Today’s 16 words and the early shape of the grid
Game #968’s words were: CARD, WOOD, FOAM, DICE, BOARD, CUBE, QUARTER, HOLE, HASH, HOUSE, IRON, MINCE, WEDGE, LANE, LODGE, PUTTER.
At first glance, the grid split into two obvious “clusters”: kitchen verbs (CUBE, DICE, HASH, MINCE) and golf nouns (IRON, PUTTER, WEDGE, WOOD). That left a tighter remainder where “BOARD,” “HOUSE,” “LODGE,” and “QUARTER” could lock together—if you interpret them as verbs—rather than pulling BOARD toward “CARD” in a games theme.
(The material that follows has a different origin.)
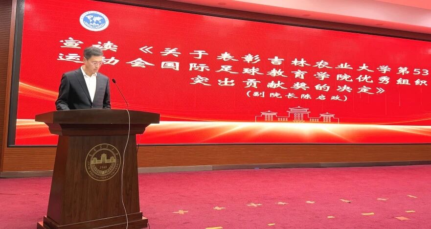 第三项:副院长陈启政宣读《关于表彰吉林农业大学第53届田径运动会国际足球教育学院优秀组织奖、突出贡献奖的决定》

The categories and answers for February 3
Here is the full breakdown of the four groups and their solutions:
| Color | Category | Answers |
|---|---|---|
| Yellow | Cut into pieces | CUBE, DICE, HASH, MINCE |
| Green | Provide with a place to stay | BOARD, HOUSE, LODGE, QUARTER |
| Blue | Kinds of golf clubs | IRON, PUTTER, WEDGE, WOOD |
| Purple | MEMORY ___ | CARD, FOAM, HOLE, LANE |
The final group’s construction was the key: each word forms a familiar phrase when paired with “memory,” like “memory card” and “memory lane.” That style of grouping often arrives late in a solve because players naturally try to connect words by meaning instead of by phrase pattern.
Why “BOARD” and “WOOD” were the main traps
The puzzle’s most convincing misdirection centered on words that feel like they belong to “games” or “objects” rather than “actions.”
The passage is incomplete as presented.